*** RECORDS TO USE Section Begins ***

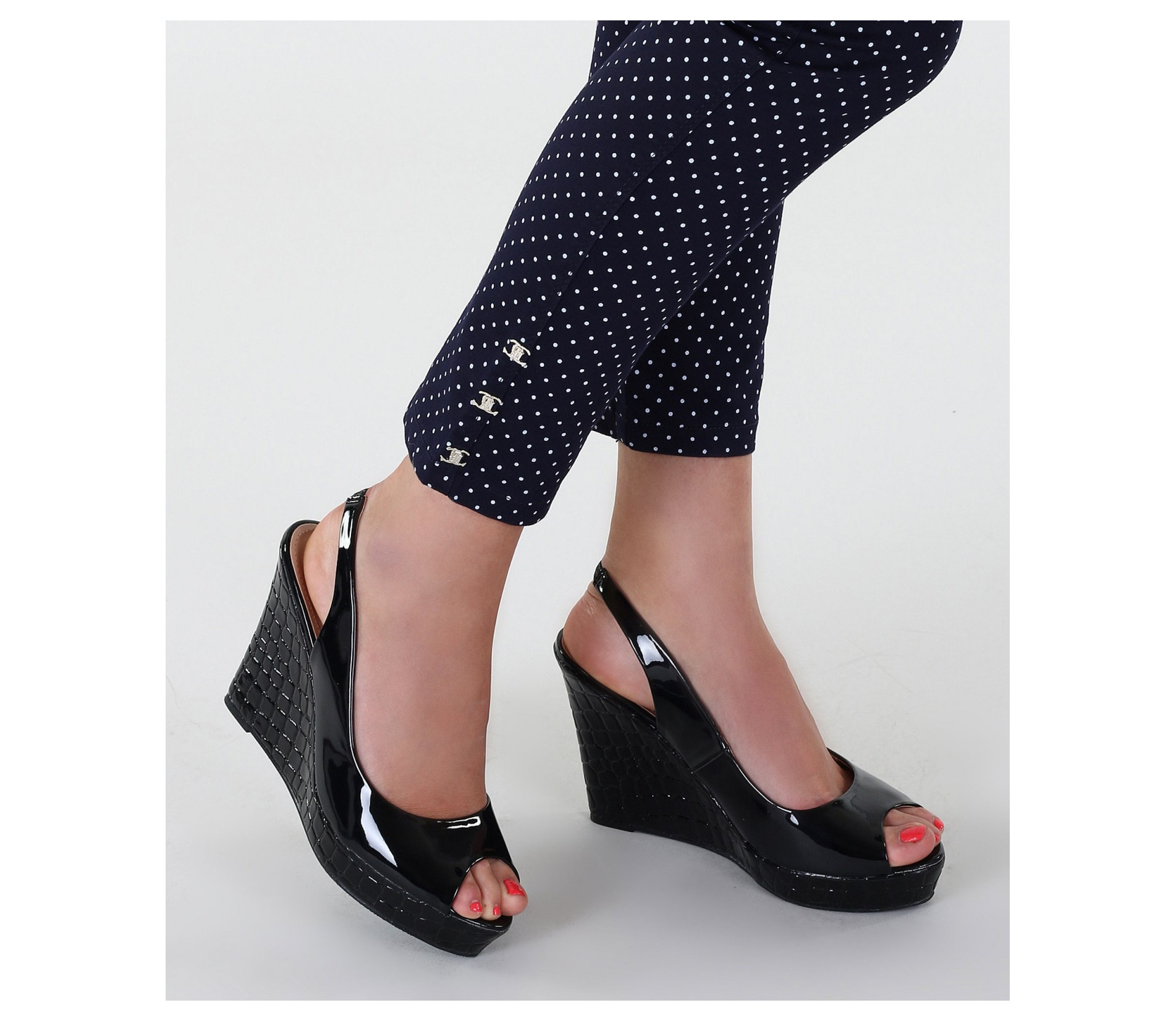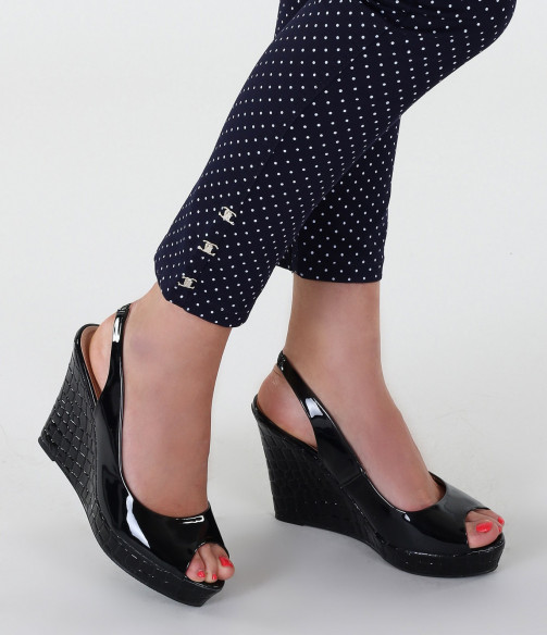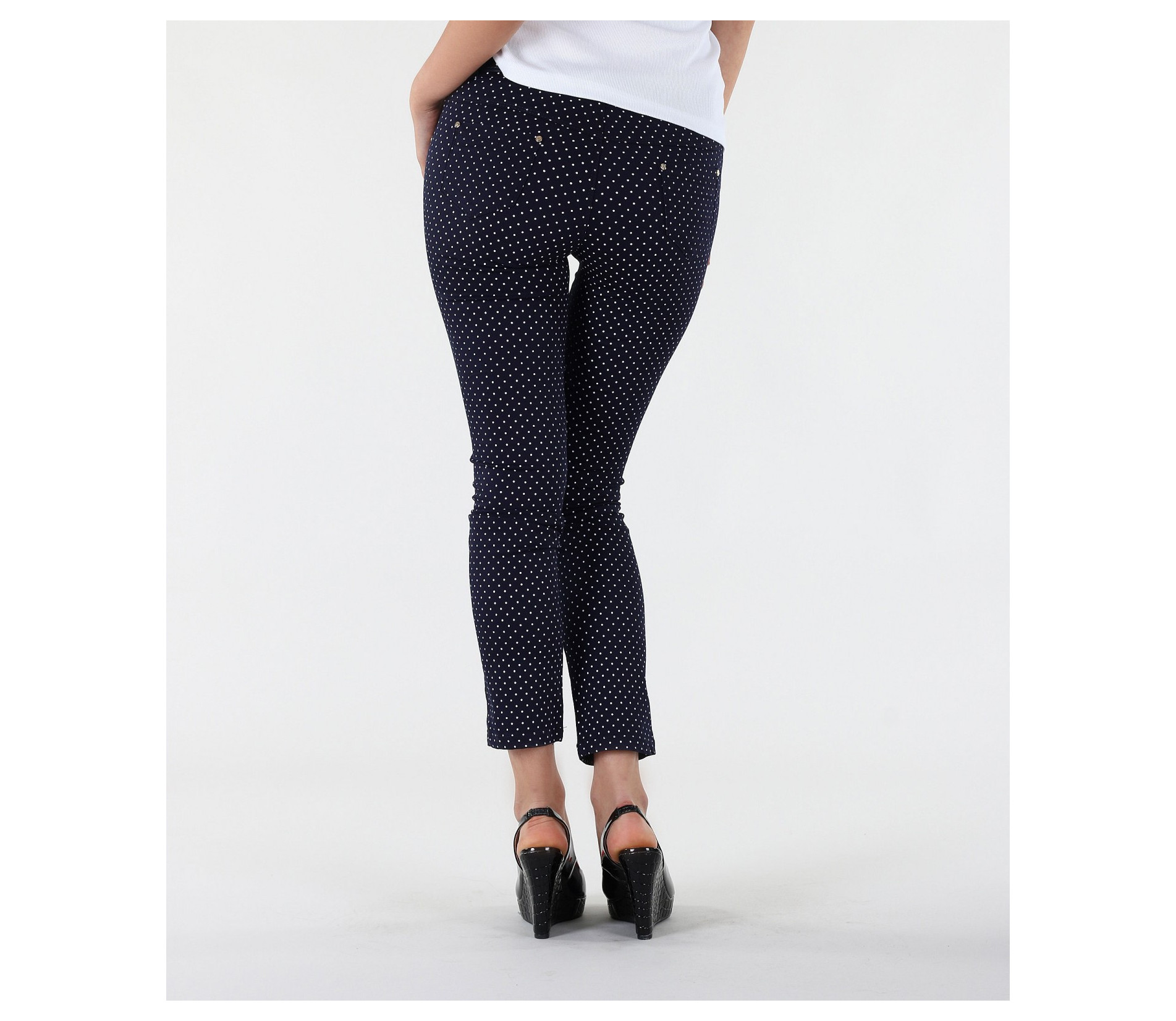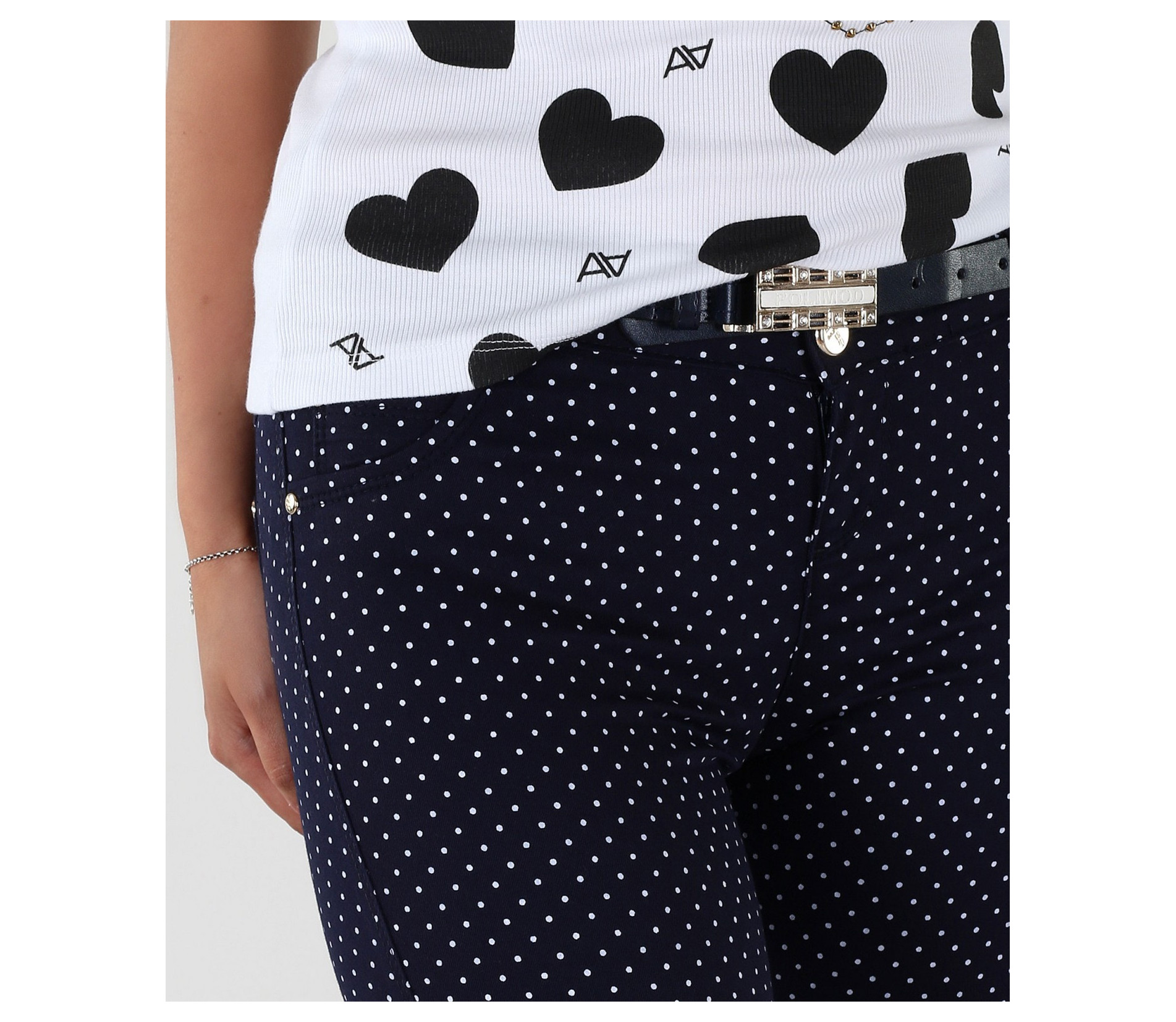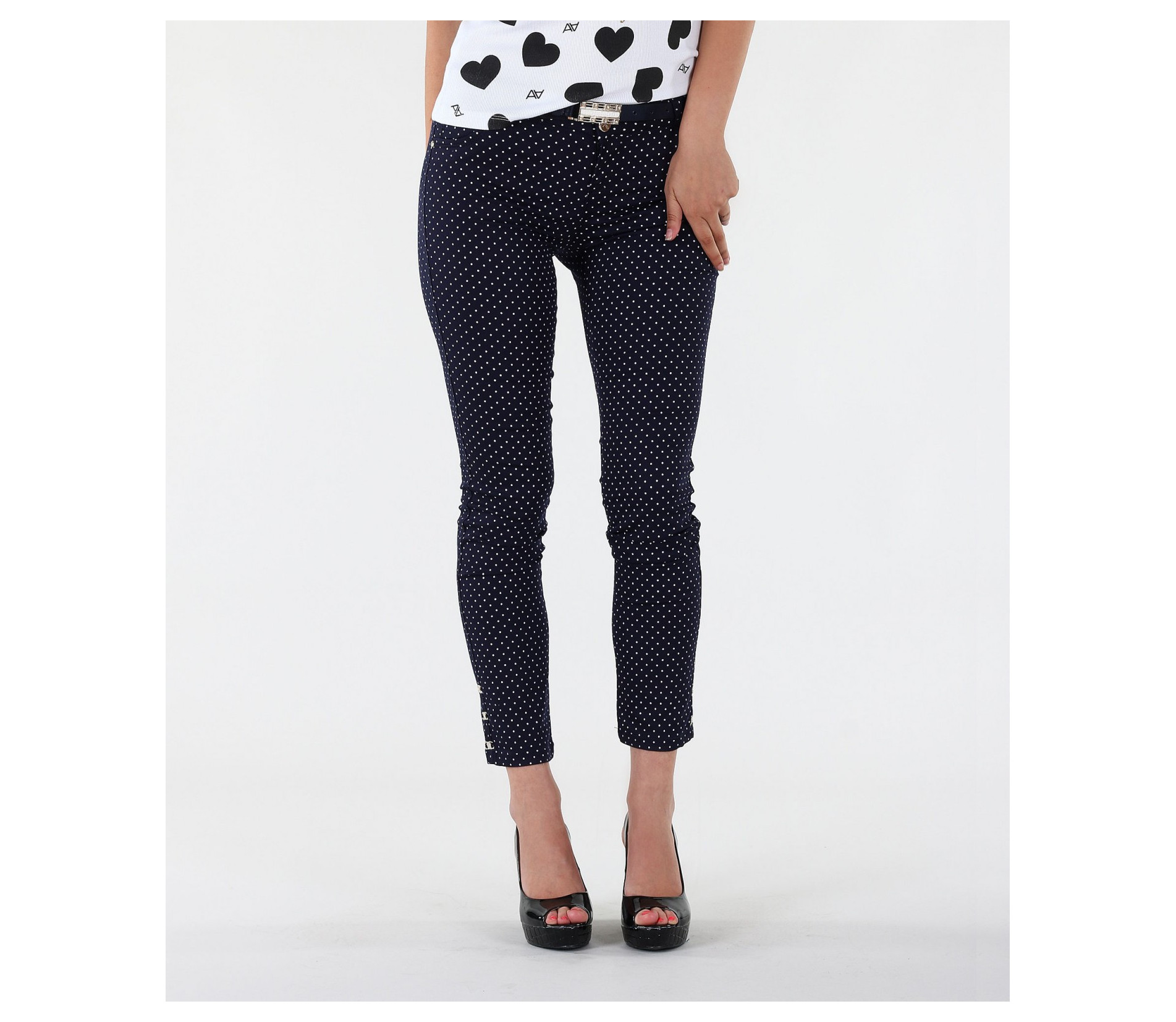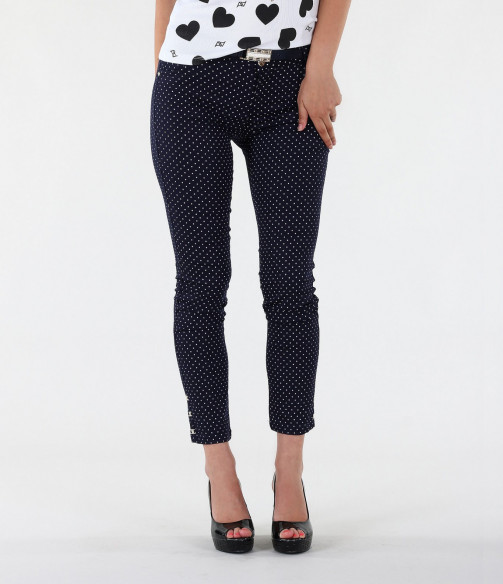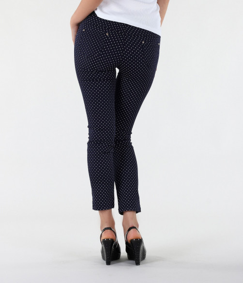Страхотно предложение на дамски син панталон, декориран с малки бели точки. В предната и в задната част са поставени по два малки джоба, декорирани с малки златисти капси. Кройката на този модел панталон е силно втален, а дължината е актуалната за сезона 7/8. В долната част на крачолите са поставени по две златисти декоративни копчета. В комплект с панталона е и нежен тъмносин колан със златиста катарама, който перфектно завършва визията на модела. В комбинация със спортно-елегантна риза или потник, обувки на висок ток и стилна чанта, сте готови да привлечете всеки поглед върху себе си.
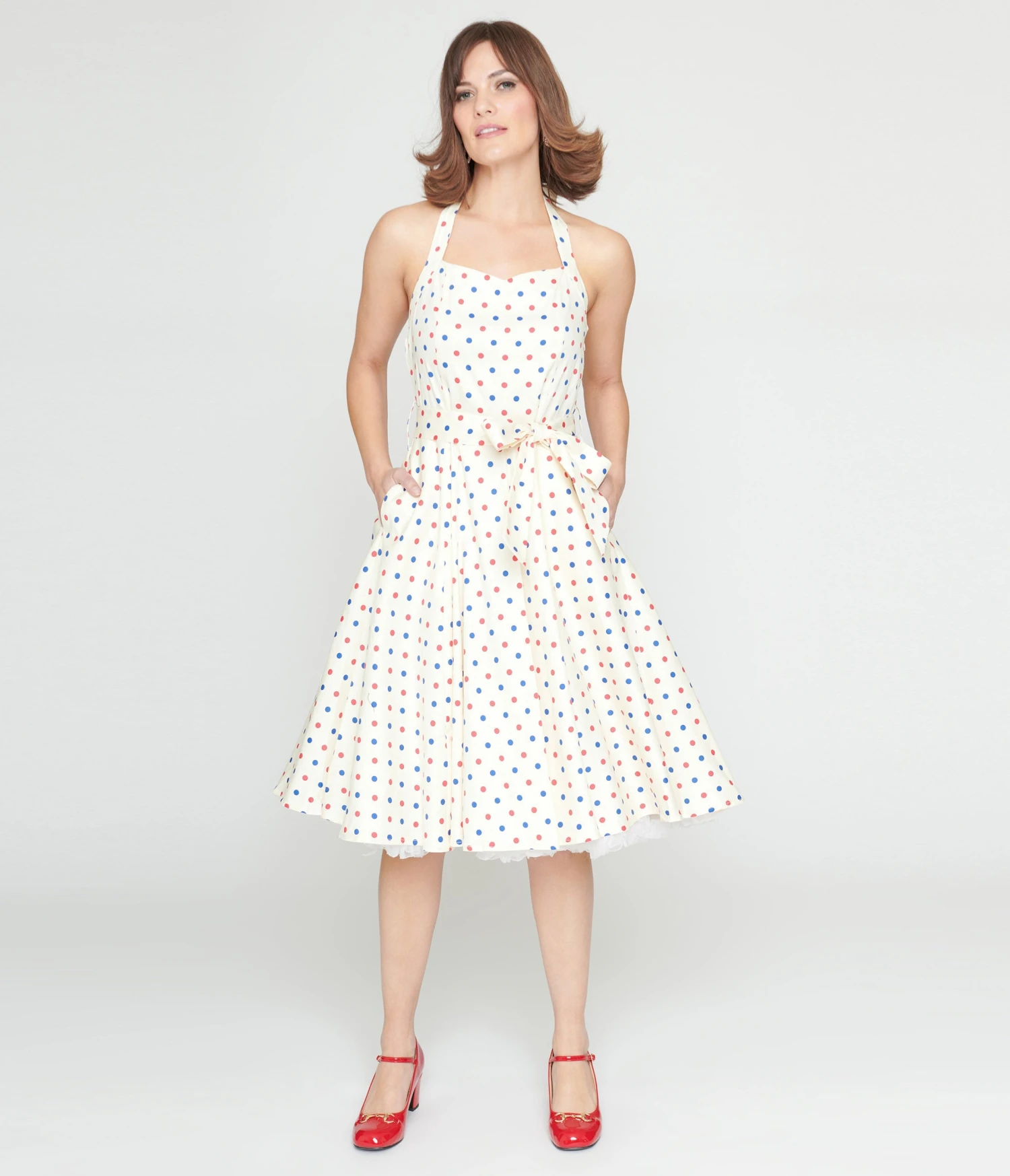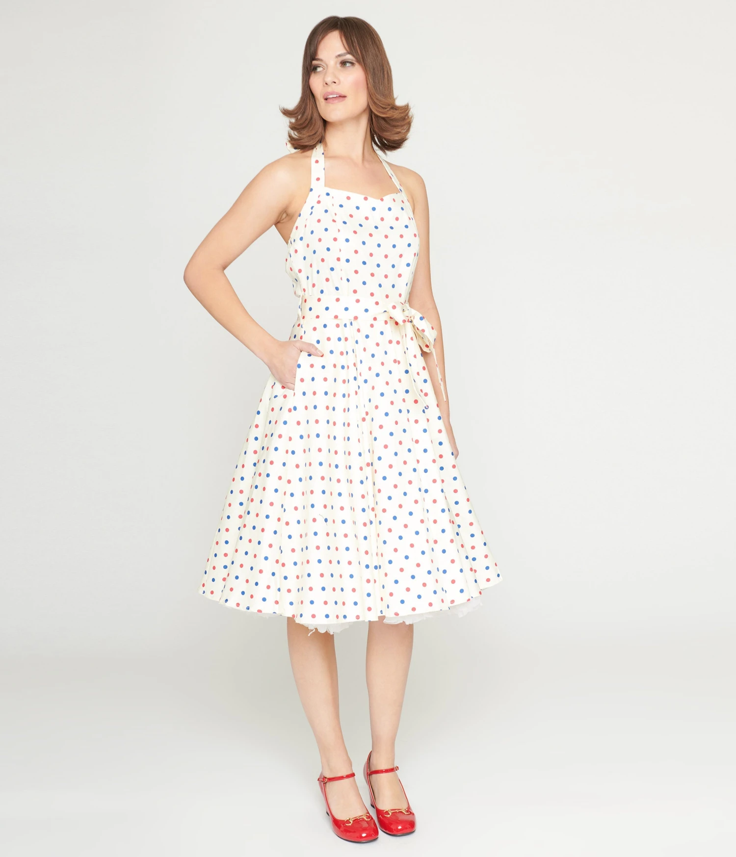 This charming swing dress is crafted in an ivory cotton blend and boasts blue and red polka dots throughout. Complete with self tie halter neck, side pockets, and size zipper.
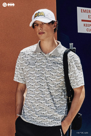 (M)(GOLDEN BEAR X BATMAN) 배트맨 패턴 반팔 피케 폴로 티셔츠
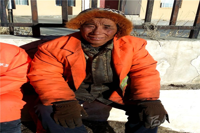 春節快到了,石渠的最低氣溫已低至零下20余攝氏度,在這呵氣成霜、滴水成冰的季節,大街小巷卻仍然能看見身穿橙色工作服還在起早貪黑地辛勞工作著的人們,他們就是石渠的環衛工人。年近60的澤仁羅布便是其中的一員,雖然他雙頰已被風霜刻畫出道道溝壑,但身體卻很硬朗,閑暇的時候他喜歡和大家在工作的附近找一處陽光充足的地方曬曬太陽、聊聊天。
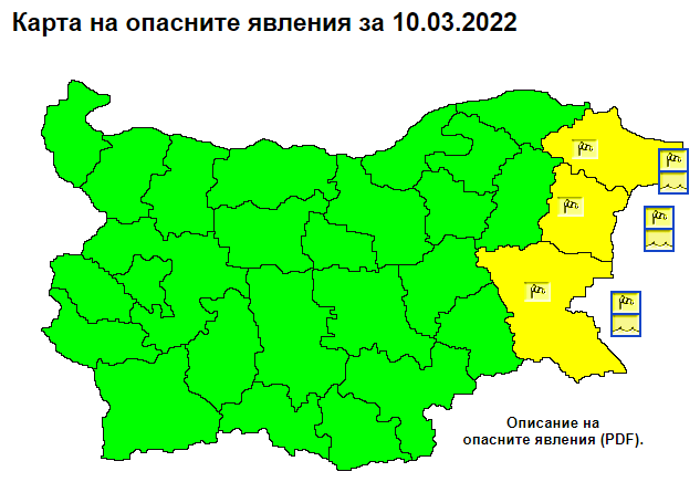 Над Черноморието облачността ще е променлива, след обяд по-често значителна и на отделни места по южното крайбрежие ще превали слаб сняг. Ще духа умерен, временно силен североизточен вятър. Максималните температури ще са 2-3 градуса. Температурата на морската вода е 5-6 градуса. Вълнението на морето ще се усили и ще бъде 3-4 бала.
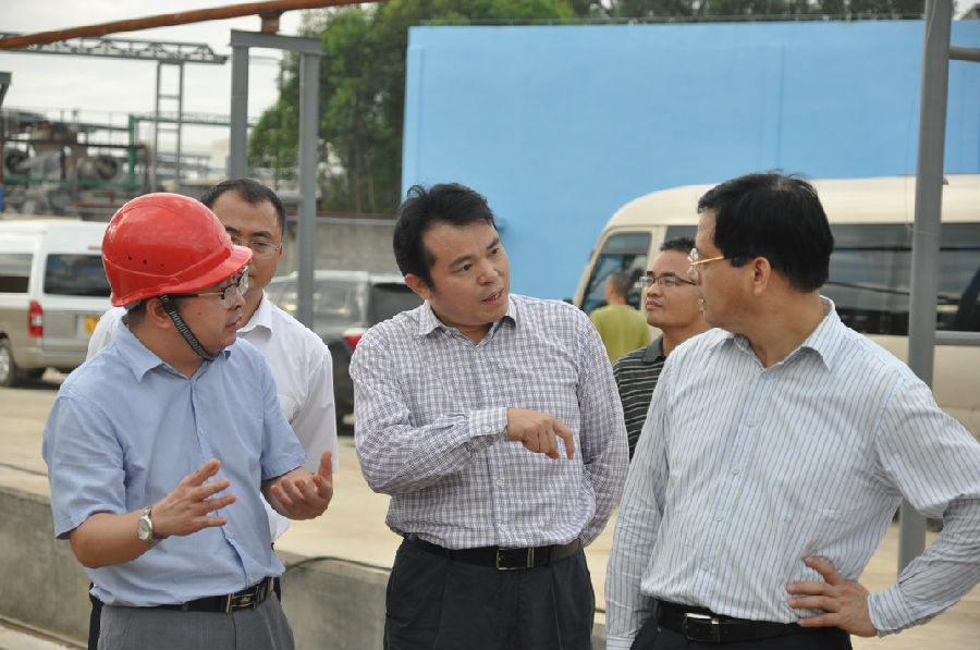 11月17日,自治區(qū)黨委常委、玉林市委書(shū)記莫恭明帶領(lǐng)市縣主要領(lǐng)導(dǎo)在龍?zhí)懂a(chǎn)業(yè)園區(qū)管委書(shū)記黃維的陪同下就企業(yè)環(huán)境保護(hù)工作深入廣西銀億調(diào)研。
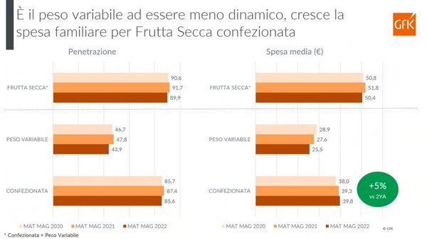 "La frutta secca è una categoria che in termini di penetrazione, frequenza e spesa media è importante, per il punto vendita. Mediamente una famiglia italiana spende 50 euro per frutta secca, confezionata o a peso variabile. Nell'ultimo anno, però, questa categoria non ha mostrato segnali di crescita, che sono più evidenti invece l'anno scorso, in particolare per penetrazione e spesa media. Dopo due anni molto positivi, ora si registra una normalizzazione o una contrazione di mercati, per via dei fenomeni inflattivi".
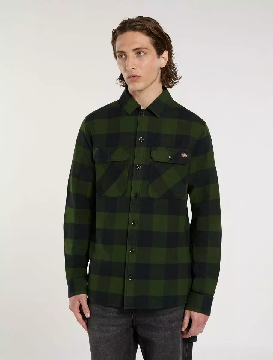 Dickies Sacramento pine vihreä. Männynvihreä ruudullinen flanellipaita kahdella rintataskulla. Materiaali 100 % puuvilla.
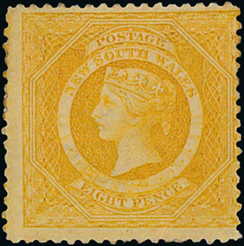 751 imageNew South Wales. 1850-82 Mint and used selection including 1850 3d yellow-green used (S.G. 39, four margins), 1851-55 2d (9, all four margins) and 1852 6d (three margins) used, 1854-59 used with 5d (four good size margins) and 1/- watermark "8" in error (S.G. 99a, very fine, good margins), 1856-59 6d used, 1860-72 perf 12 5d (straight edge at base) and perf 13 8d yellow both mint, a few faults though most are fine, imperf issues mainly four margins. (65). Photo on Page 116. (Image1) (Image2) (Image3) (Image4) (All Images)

*** RECORDS TO USE Section Ends ***

AIM OF THE EXERCISE → Your task is to set down each line above verbatim while excluding the pictures.

EXERCISE OUTPUT →
Страхотно предложение на дамски син панталон, декориран с малки бели точки. В предната и в задната част са поставени по два малки джоба, декорирани с малки златисти капси. Кройката на този модел панталон е силно втален, а дължината е актуалната за сезона 7/8. В долната част на крачолите са поставени по две златисти декоративни копчета. В комплект с панталона е и нежен тъмносин колан със златиста катарама, който перфектно завършва визията на модела. В комбинация със спортно-елегантна риза или потник, обувки на висок ток и стилна чанта, сте готови да привлечете всеки поглед върху себе си.
 This charming swing dress is crafted in an ivory cotton blend and boasts blue and red polka dots throughout. Complete with self tie halter neck, side pockets, and size zipper.
 (M)(GOLDEN BEAR X BATMAN) 배트맨 패턴 반팔 피케 폴로 티셔츠
 春節快到了,石渠的最低氣溫已低至零下20余攝氏度,在這呵氣成霜、滴水成冰的季節,大街小巷卻仍然能看見身穿橙色工作服還在起早貪黑地辛勞工作著的人們,他們就是石渠的環衛工人。年近60的澤仁羅布便是其中的一員,雖然他雙頰已被風霜刻畫出道道溝壑,但身體卻很硬朗,閑暇的時候他喜歡和大家在工作的附近找一處陽光充足的地方曬曬太陽、聊聊天。
 Над Черноморието облачността ще е променлива, след обяд по-често значителна и на отделни места по южното крайбрежие ще превали слаб сняг. Ще духа умерен, временно силен североизточен вятър. Максималните температури ще са 2-3 градуса. Температурата на морската вода е 5-6 градуса. Вълнението на морето ще се усили и ще бъде 3-4 бала.
 11月17日,自治區(qū)黨委常委、玉林市委書(shū)記莫恭明帶領(lǐng)市縣主要領(lǐng)導(dǎo)在龍?zhí)懂a(chǎn)業(yè)園區(qū)管委書(shū)記黃維的陪同下就企業(yè)環(huán)境保護(hù)工作深入廣西銀億調(diào)研。
 "La frutta secca è una categoria che in termini di penetrazione, frequenza e spesa media è importante, per il punto vendita. Mediamente una famiglia italiana spende 50 euro per frutta secca, confezionata o a peso variabile. Nell'ultimo anno, però, questa categoria non ha mostrato segnali di crescita, che sono più evidenti invece l'anno scorso, in particolare per penetrazione e spesa media. Dopo due anni molto positivi, ora si registra una normalizzazione o una contrazione di mercati, per via dei fenomeni inflattivi".
 Dickies Sacramento pine vihreä. Männynvihreä ruudullinen flanellipaita kahdella rintataskulla. Materiaali 100 % puuvilla.
 751 imageNew South Wales. 1850-82 Mint and used selection including 1850 3d yellow-green used (S.G. 39, four margins), 1851-55 2d (9, all four margins) and 1852 6d (three margins) used, 1854-59 used with 5d (four good size margins) and 1/- watermark "8" in error (S.G. 99a, very fine, good margins), 1856-59 6d used, 1860-72 perf 12 5d (straight edge at base) and perf 13 8d yellow both mint, a few faults though most are fine, imperf issues mainly four margins. (65). Photo on Page 116. (Image1) (Image2) (Image3) (Image4) (All Images)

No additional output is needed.